Movies

Ray Donovan: The Movie TV Review


Plot: The Movie picks up where season seven left off, with Mickey in the wind and Ray determined to find and stop him before he can cause any more carnage. The film also weaves together the present-day fallout from the Donovan/Sullivan feud with Ray and Mickey’s origin story from 30 years ago.

Review: Ray Donovan was unceremoniously canceled by Showtime back in February 2020. With the eighth season planned to be the last, series creator David Hollander was left with many plot elements hanging and fans without a satisfying conclusion. A year later, star Liev Schrieber announced a feature-length movie that would wrap the storylines of the Donovan clan with Hollander behind the camera. Schrieber and Hollander collaborated on the script for the movie which is finally arriving to wrap the tale of Ray’s long-simmering showdown with his father, Mickey (Jon Voight). The result, even for hardcore fans of Ray Donovan, is somewhat underwhelming and almost makes the sting of the series’ cancellation feel that much worse.

Through a three-minute, dialogue-free opening recap, we see a quick summary of the seven seasons worth of tension between the Donovan father and son. Then, the cliffhanger ending of season seven is shown, featuring the death of Declan Sullivan (Kevin Corrigan), James Sullivan (Peter Gerety), and Smitty (Graham Rogers). Ray then begins recounting his sins over a phone call with Dr. Arthur Amiot (Alan Alda) which frames the narrative of the movie. What follows over the next hour and a half is a blend of Ray’s search for Mickey with flashbacks to his youth, giving more insight into how Mickey became the catastrophic presence in his family.

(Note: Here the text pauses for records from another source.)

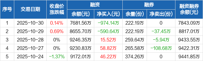 旅游ETF:融资净偿还974.14万元,融资余额7681.56万元(10-30)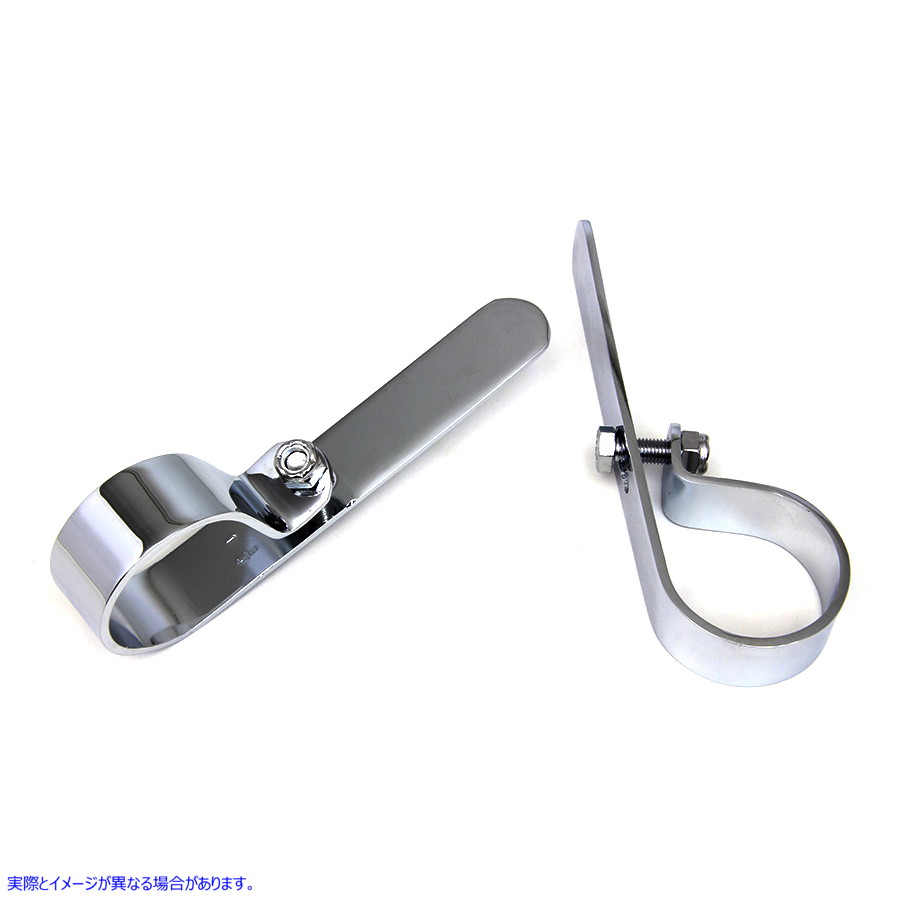 ユニバーサルタイプの取り付けを可能にする長いフラットサイドストラップを備えた1-3/4インチスタイルの排気クランプセット。クロム仕上げが特徴です。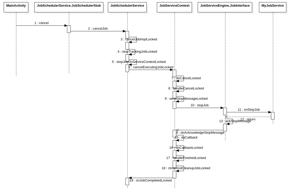看到这里总算是把Job的创建、执行、返回值处理等过程分析的差不多了,当然里面肯定还有很多细节部分需要去深究才行。这个时候我们去分析一下为什么onStopJob中的返回值作用。首先考虑一下当上层调用了cancelJob方法会出现在什么情况下: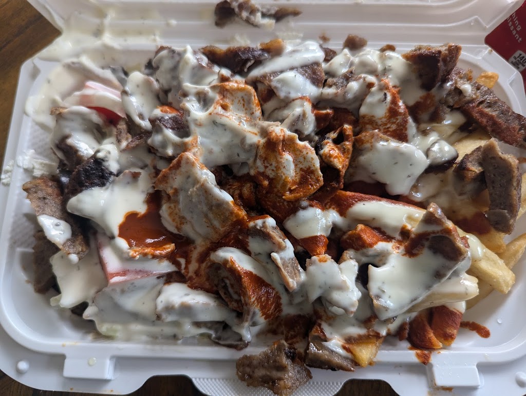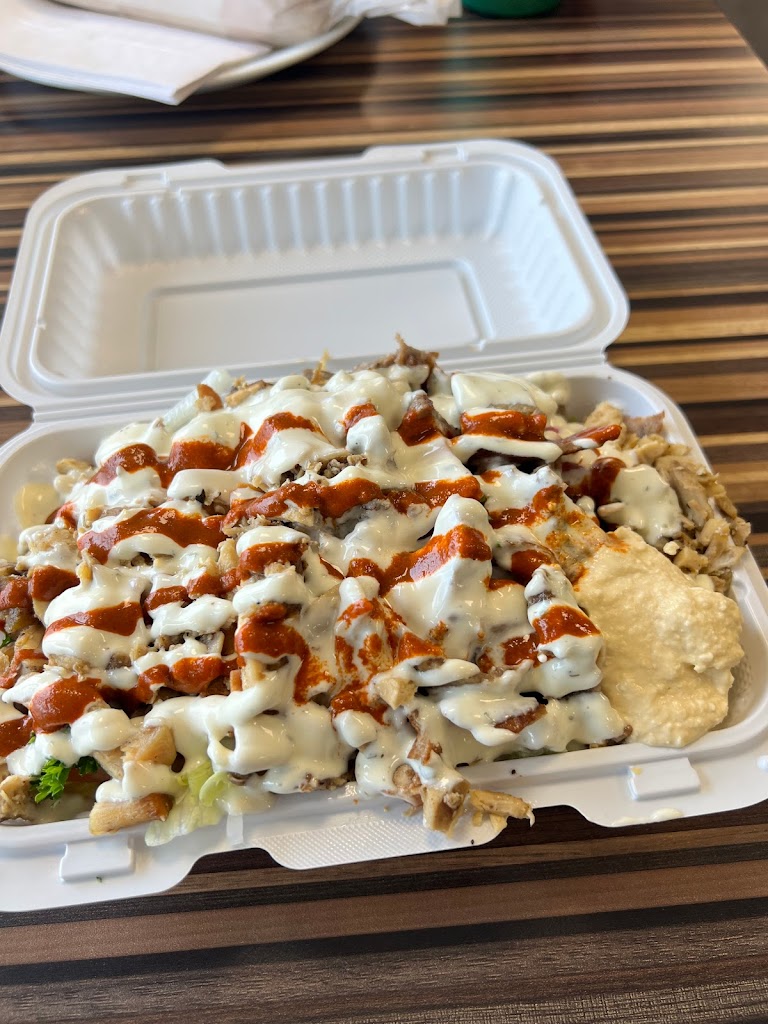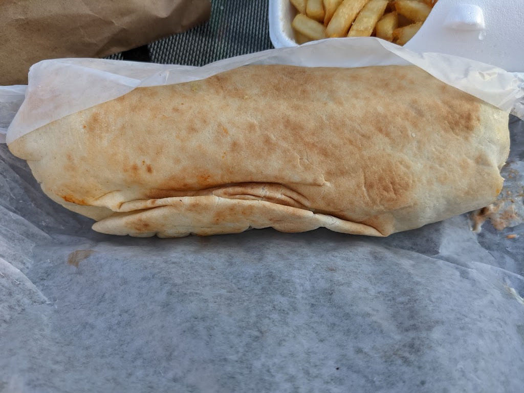 As other reviewers wrote, the portions are big here. I got the 8" chicken shawarma wrap with regular size fries and an order of beef on the sticks. My wife and I had to take a break to finish the meal. The food was definitely tasty and was surprisingly spicy. I will likely downsize the order in the future.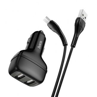 Зарядное автомобильное устройство Hoco Z36 2.4A 2xUSB + кабель microUSB, черное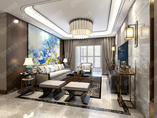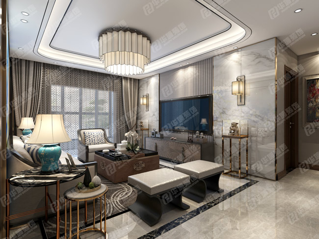 金沙湖高爾夫官邸145平新中式風(fēng)格客廳裝修效果圖

Part of the problem with Ray Donovan as a series is that it shifted away from what it was about. The show started as the story of a Hollywood fixer who could get celebrities out of the stickiest situations. As good as Liev Schrieber and Jon Voight have been, and they have the Emmy nominations to support that, the series always felt like a pulpier take on high-quality premium cable series. By shifting the focus away from the fixer storyline and making this really about Ray and his father, Ray Donovan began to feel like a New England version of The Sopranos. Mimicking better films and series, this show has always been familiar and safe and never quite became what it could have been. Ray Donovan: The Movie is no different.

Similar to The Sopranos prequel, The Many Saints of Newark, Ray Donovan: The Movie gives us extended flashes back to the death of Ray’s sister which formed the basis for the rift between Ray and his father. In these scenes, young Ray (Chris Gray) and Mickey (Bill Heck) deal with the fall out of Bridget’s death and we get to meet many characters from Ray’s adult life. It is an intriguing story, to be sure, but forcing it into a single episode/movie feels rushed. So much of Ray Donovan: The Movie feels rushed and lacks any subtlety. This is a blunt, straightforward story that doesn’t really pack many surprises on its way to a fairly predictable ending.

It takes almost a full hour for the first intense moment of Ray Donovan: The Movie to take place and it is quickly followed by a flashback that derails the momentum of the sequence. The remainder of the film follows the same pattern, shifting from flashback to the main story to the wraparound conversation between Ray and Dr. Amiot. For almost two hours, this movie bounces between the three as it slowly builds to the inevitable conclusion. I wish I had more positive words to say about this movie but it pales compared to far more successful series endings like Deadwood: The Movie. That film managed to give the entire ensemble cast a chance to say goodbye whereas Ray Donovan: The Movie relegates many main characters to minor supporting roles.

Wrapping up eighty-two episodes worth of character development and plot in one hundred minutes is no easy task. Hollander and Schrieber know the ins and outs of the Donovan clan better than anyone and yet they fail to capture the immediacy of this story by spending more time lamenting, grieving, and reflecting. Nothing particularly cinematic occurs to make this feel like a feature film. This “movie” really feels like an extended episode. Had Ray Donovan had a full season to wrap everything up, this finale would have felt much different and earned the ending that this movie fails to deliver. But, after two years of waiting for an explosive conclusion, Ray Donovan: The Movie ends up sending the franchise out with a whimper.

Ray Donovan: The Movie premieres on January 14th on Showtime.